You have endured a massive shift in expectations. This shift is the messenger, not the message, of important changes taking place in the world. CEOs such as Jeffrey Immelt of General Electric and Steven Ballmer of Microsoft use the phrase, “economic reset” to indicate the gravity of the message. We are not just experiencing a recession; we are experiencing a major re-boot of economic assumptions and outlook, one that is likely to prevail for years. The elements of this “reset” are deleveraging, major changes in consumption patterns, increased government intervention in the lives of businesses and individuals, a shift in attitudes about risk-bearing, growing populism, protectionism, and doubts about institutions in society, and a major shift in geopolitical power from the developed economies and toward the most robust emerging economies such as China, India, and Brazil.

Some of these changes have been years in the making. But crises accelerate change.
America and the world are at an historic inflection point.

Business Schools will need to adapt:

  • more focus on ethics and the duties of managers to create value not merely to extract value;
  • more study of incentives and of both the virtuous and perverse behavior they can induce;
  • deeper consideration of risk, the ways we define it, estimate it, and fold it into decision-making;
  • more focus on the interface between business and government; and finally,
  • more exploration of globalization and its manifold effects on business.

You are the first class of MBAs to graduate into this new territory. I think those who don’t merely survive but actually prosper will adapt to this reset world in four good ways:

  • First, they will practice business with high integrity. Integrity builds trust. And as we have learned very painfully over the past two years, the absence or failure of trust is at the heart of this crisis.
  • Second, they will question and listen very well. They will never cease to learn as the world continues to morph around them.
  • Third, they will take little for granted; they will create options. They will identify new possibilities in the face of intractable problems. At the heart of Darden’s initiatives in ethics, diversity, sustainability and globalization is a search for new alternatives to solving persistent problems. We face a stretch of great uncertainty. Options become very valuable in an uncertain environment.
  • Finally, they will find courage to step out and do business despite all this uncertainty. Samuel Johnson said it best: courage is the cardinal virtue because it makes all other virtues possible.

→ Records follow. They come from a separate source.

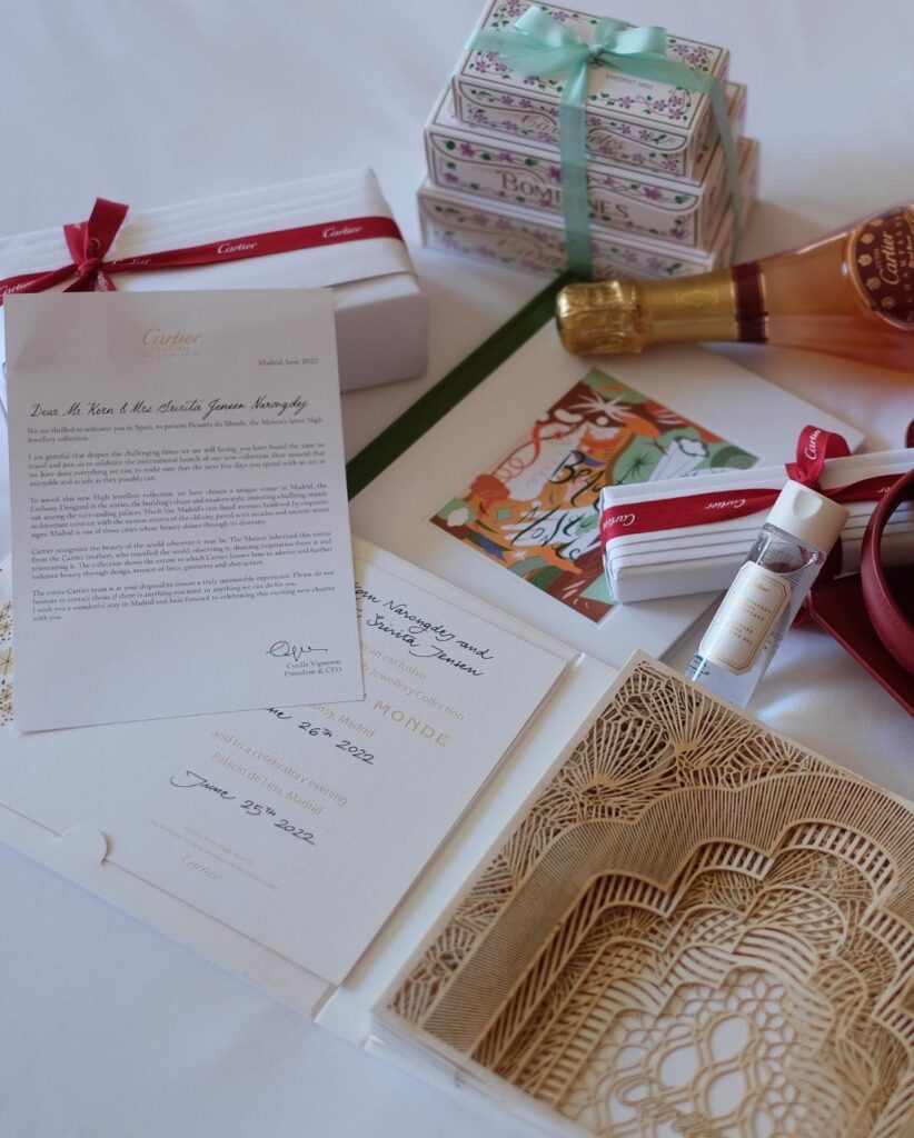 ละสายตากับลุคสวยปัง! จาก “ริต้า – ศรีริต้า เจนเซ่น ณรงค์เดช” ไม่ได้เลย เมื่อถูก Cartier แบรนด์เครื่องประดับสุดหรู สัญชาติฝรั่งเศส ส่งเทียบเชิญให้เป็นแขกคนพิเศษมาร่วมงานเปิดตัวคอลเล็กชั่นไฮจิวเวลรี โบเต้ ดู มงด์ (Beautés du Monde) ในรอบ VVIP คู่กับสามีหล่อเนี้ยบ “กรณ์ ณรงค์เดช” ณ สวนแห่งพระราชวังลิเรีย (Palacio de Liria) กรุงมาดริด ประเทศสเปน
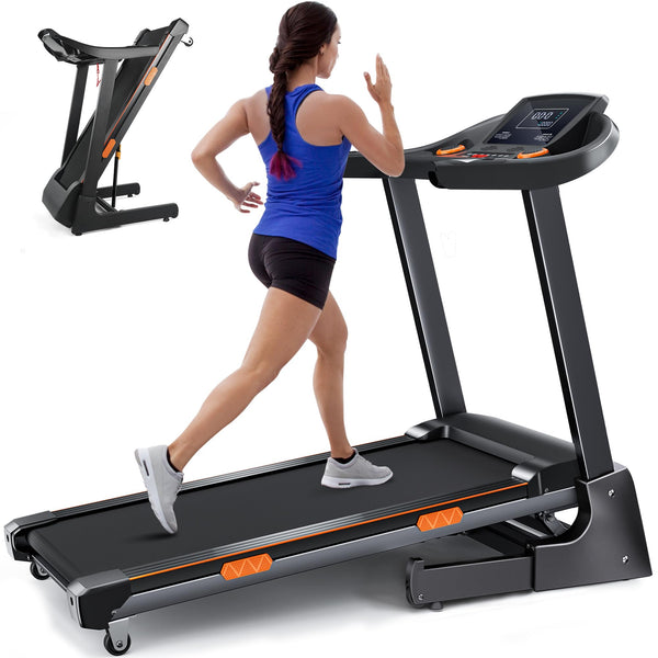 - 8.7MPH Treadmills for Home, Auto-Folding Walking Pad with 0-15% Incline, 3.5HP Motor Supports 300lbs, Bluetooth & Pulse Monitor
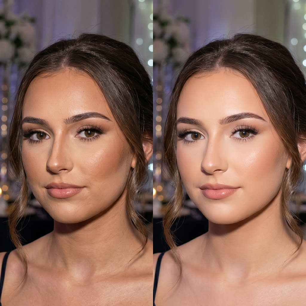 If you notice the contour looks too dark or muddy before photos start, there is still time to correct it. The easiest fix is to soften the area and bring back some brightness so the face looks more balanced again.
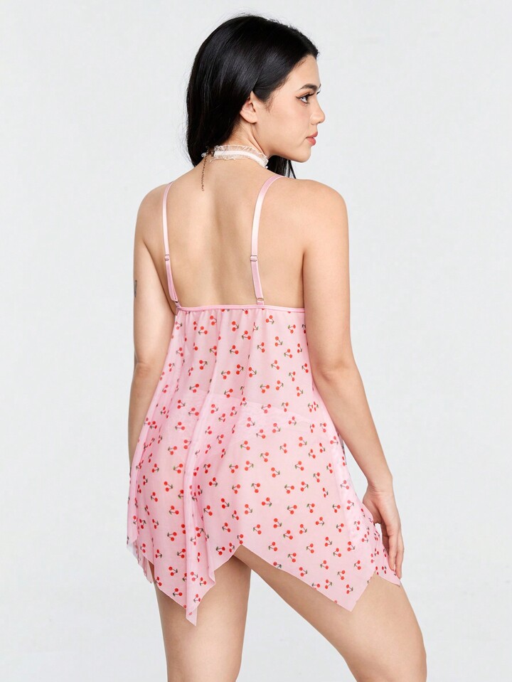 Kawaii مجموعة فستان مغري مكونة من الكرز المثير وتزيين الشريط المجوف اللاسيمتري وربطة العقدة
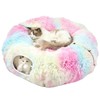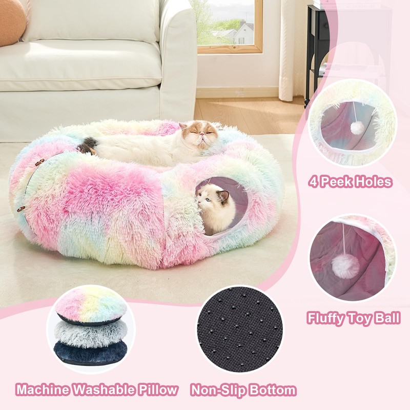 JIUPETY Cat Tunnel Bed with Soft Plush Mat, Collapsible Tube Playground, Cat Toy Tunnel for Indoor Cats, Kitten, Rabbit, Ferret, Fluffy Plush Material, Includes Dangling Balls, Rainbow
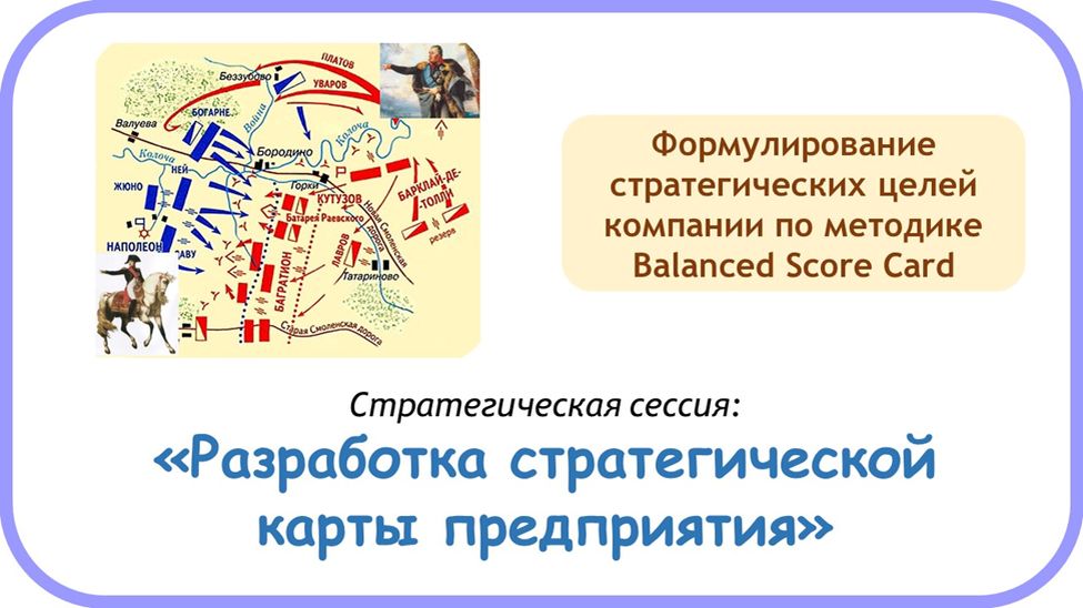Конец старого года и начало нового года – лучшее время для переосмысления и «оцифровки» стратегии компании в виде стратегической карты и ключевых бизнес-индикаторов деятельности организации. Мы можем сделать это по уникальной профессиональной методике на стратегической сессии в составе управленческой команды вашего предприятия и не только разработать стратегическую карту по технологии BSC, но и сформулировать на ее основе тактические цели и показатели компании на 2024 год. Продолжительность сессии: 1 день (8-10 часов). Состав участников: собственники и директора предприятия; руководители структурных подразделений. Количество участников: 4-20 человек. ЭТАПЫ И ЗАДАЧИ СЕССИИ: Этап 1. Вводная лекция «Разработка стратегической карты предприятия». Этап 2. Сбор идей и предложений для формулирования стратегических целей компании. Этап 3. Разработка стратегической карты. Этап 4. Формирование портфеля проектов и поручений. Этап 5. Обработка результатов сессии и разработка стратегической карты пр
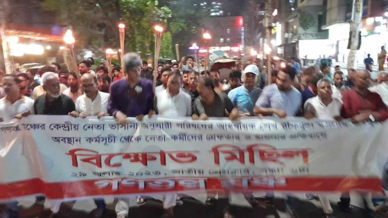 বিক্ষোভ সমাবেশের পর মঞ্চের নেতাকর্মীদের একটি প্রতিবাদী মশাল মিছিল তোপখানা রোড, বিজয়নগর হয়ে পল্টন মোড়ে এসে শেষ হয়।
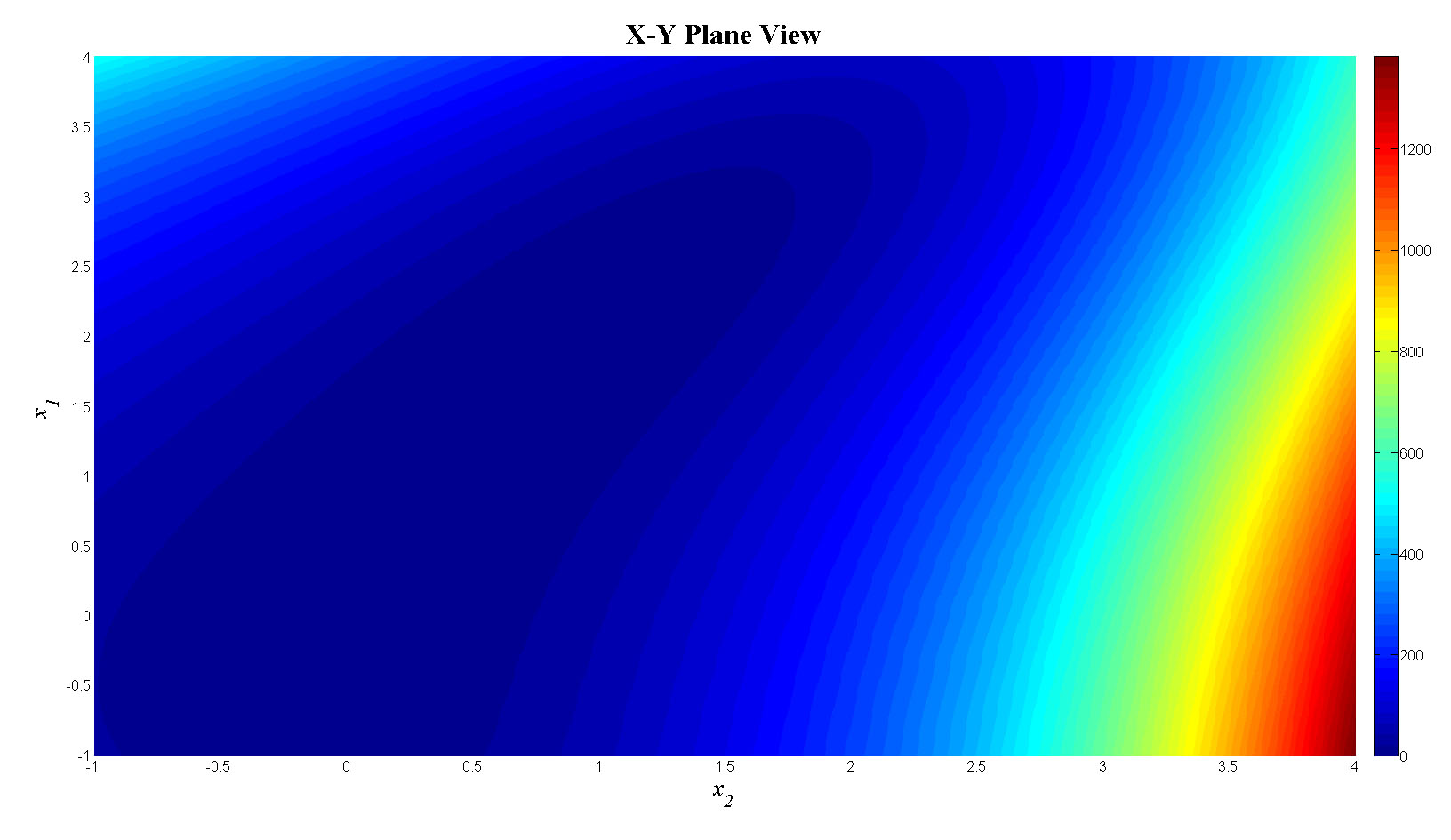 mesh(x1,x2,f_tot);view(90,0);colorbar;set(gca,'FontSize',12);
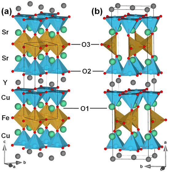 (a) Crystal structure of the ideal stoichiometric oxide YSr2Cu2FeO8 (S.G. P4/mmm, ICSD file 11514). The unit cell has dimensions of ap × ap × 3 ap, where ap refers to the cubic perovskite lattice parameter. (b) Crystal structure of the ideal stoichiometric oxide YSr2Cu2FeO7 (S.G. Ima2, Initial cell parameters and atomic positions were taken from ICSD record of YSr2Cu2GaO7.46, ICSD file 71263). Color code: Fe in brown, Cu in blue, Sr in green, Y in grey, and O in red.
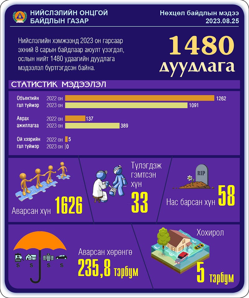 Нийслэлийн хэмжээнд 2023 он гарсаар эхний наймдугаар сарын байдлаар аюулт үзэгдэл, ослын нийт 1480 удаагийн дуудлага мэдээлэл бүртгэгдсэн байна. Үүнээс гал түймрийн 1091, эрэн хайх, аврах ажиллагааны 389 удаагийн дуудлагаар алба хаагчид үүрэг гүйцэтгэн, 1626 иргэний аюулгүй байдлыг хангаж, 235,8 тэрбум төгрөгийн өмч хөрөнгийг авран хамгаалж ажиллалаа.
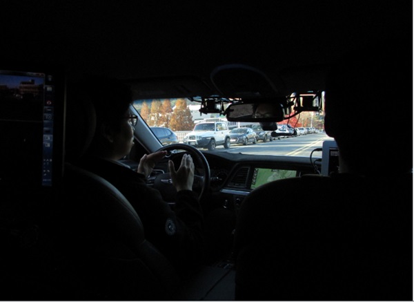 15일 시연행사에서는 서울대학교 관악캠퍼스에서 4km에 이르는 시험주행 구간을 안드로이드 스마트폰 앱으로 선택해 자율주행을 시연했다.
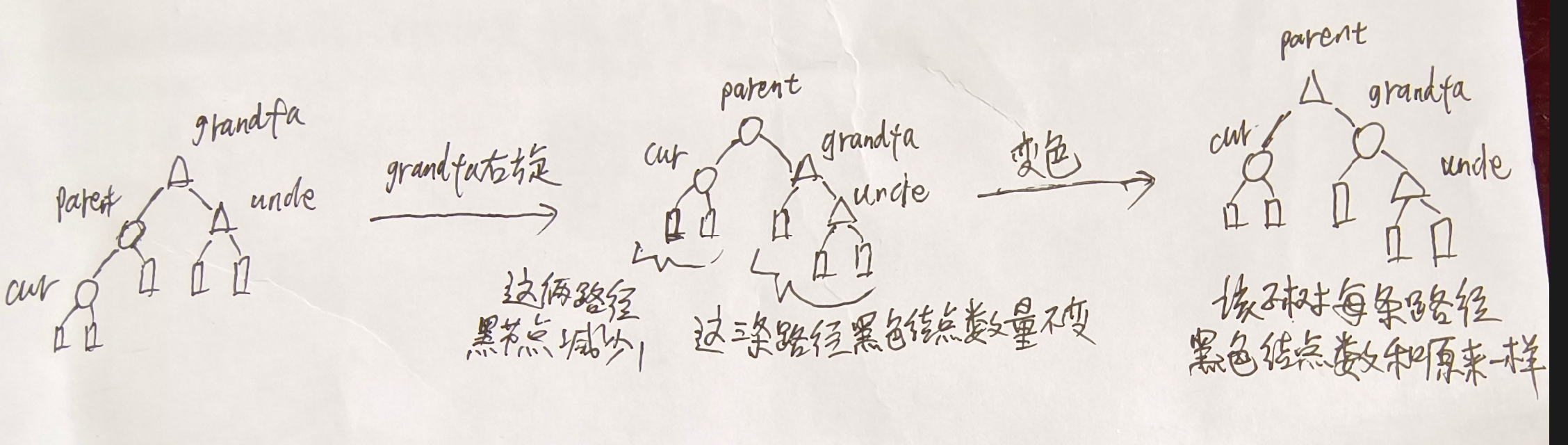 假如parent是左孩子,cur也是左孩子,那这时就grandfa右旋,右边的路径黑色节点个数不变,左边的黑色节点个数减1,然后grandfa变色,右边路径的黑色节点个数也减1,然后parent再变成黑色,所有路径黑色节点个数加一,和之前一样,并且此时不再需要往上继续调整了,因为parent是子树的根且是黑色

You are well-prepared to do all this. Darden has taught you the eminent role of ethics in business, the ability to question relentlessly, the capacity to innovate and design new alternatives where none seemed possible, and finally, the courage to speak out in a crowd and challenge the conventional wisdom. Truly, at Darden, how we teach is what we teach. We wish you well on the life journey that lies before you. Good luck and Godspeed.

[Epilogue: perhaps ten minutes into the ceremony, the rain stopped. Two hours later, the sun was out, producing a wonderful Virginia spring afternoon-quite an auspicious beginning for the new graduates.]